Ketika kami tiba di Kampung Bonjol, pintu gerbang museum Imam Bonjol masih tertutup. Entah dari mana, seorang lelaki paruh baya tiba-tiba muncul dengan membawa kunci dan mempersilakan kami masuk dan penulis mengenal sosok itu “ karena sudah sering nongkrong ditempat ini”. Museum Tuanku Imam Bonjol berdiri di atas areal seluas dua hektar. Letaknya memanjang, terdiri dari dua lantai dengan konstruksi atap bagonjong, bangunan khas Minangkabau. Lantai bawah dibagi menjadi dua ruangan yang dipisahkan oleh anak tangga menuju lantai atas. Satu ruangan digunakan untuk pameran foto-foto lama yang terkait dengan Imam Bonjol dan gerakan Paderi. Di sini juga dapat disaksikan bagan silsilah keturunan Imam Bonjol. Satu ruangan di sebelahnya, digunakan sebagai perpustakaan umum berisi buku-buku sejarah terkait dengan sejarah Imam Bonjol dan gerakan Paderi. Ada pula dokumen tertulis seperti Surat Keputusan Presiden Soeharto tentang penetapan Tuanku Imam Bonjol sebagai Pahlawan Nasional. Buku-buku agama dan adat budaya Minangkabau, juga tersedia di sini.
Setelah menapaki anak tangga ke lantai atas, kami dapat menyaksikan banyak benda-benda bersejarah terpajang dalam etalase kaca. Mulai dari sorban, jubah hingga sajadahnya Imam Bonjol. Paling menarik tentulah berbagai jenis persenjataan milik Laskar Paderi, seperti bermacam senjata laras pendek dan laras panjang serta berbagai jenis sewah, seperti pedang, parang, tombak dan panah. Sejarah mencatat, disamping ahli berperang, laskar Paderi juga dikenal ahli membuat persenjataan. Pabrik senjata Paderi terbesar dan termoderen untuk ukuran saat itu, terletak di Sungaipua Kabupaten Agam. Di halaman museum terdapat sebuah Tugu Imam Bonjol sedang menunggang kuda. Tak seberapa jauh dari museum terletak di Bukit Tajadi yang berada persis di belakang pasar kampung. Inilah bekas benteng pertahanan Paderi yang terkenal itu. Sayangnya, tidak terawat sehingga nyaris tak bersisa lagi. Yang tinggal hanya hamparan undakan tanah dikelilingi pohon aur berduri. Di bawahnya terdapat meriam bekas perang Paderi. Senjata berat itu tertimbun dalam tanah, yang tampak tinggal moncong meriam saja.

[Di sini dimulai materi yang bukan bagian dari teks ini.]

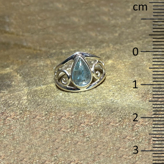 Teardrop Aquamarine Swirling Sterling Silver Ring- Size 8

Berkunjung ke Bonjol tak sekadar menemukan sekelumit sejarah masa silam saja. Kawasan ini juga memiliki keunikan yang lain. Persis di depan museum Imam Bonjol, terdapat tugu Equator berbentuk bola dunia. Bila kunjungan bertepatan dengan hari kejadiannya (Hari Ekinos), maka jangan kaget bila beberapa saat Anda tidak akan punya bayang-bayang, kendati sinar terik matahari menimpa tubuh Anda. Sesungguhnya, bayang-bayang bisa hilang hanyalah fenomena alam yang lumrah. Allah mentakdirkan Bonjol menjadi satu dari dua titik di Indonesia (satunya lagi di Palangkaraya) yang persis berada di garis Khatulistiwa. Peristiwa hilangnya bayang-bayang disebabkan matahari tepat berada pada titik kulminasi. Peristiwa ini hanya terjadi dua kali setahun, yakni pada 21 Maret dan 23 September. Nah, silahkan mencoba dan selamat melakukan perjalanan di kampung Bonjol. Penulis akan sengat sekali menyambut kedatangan pembaca.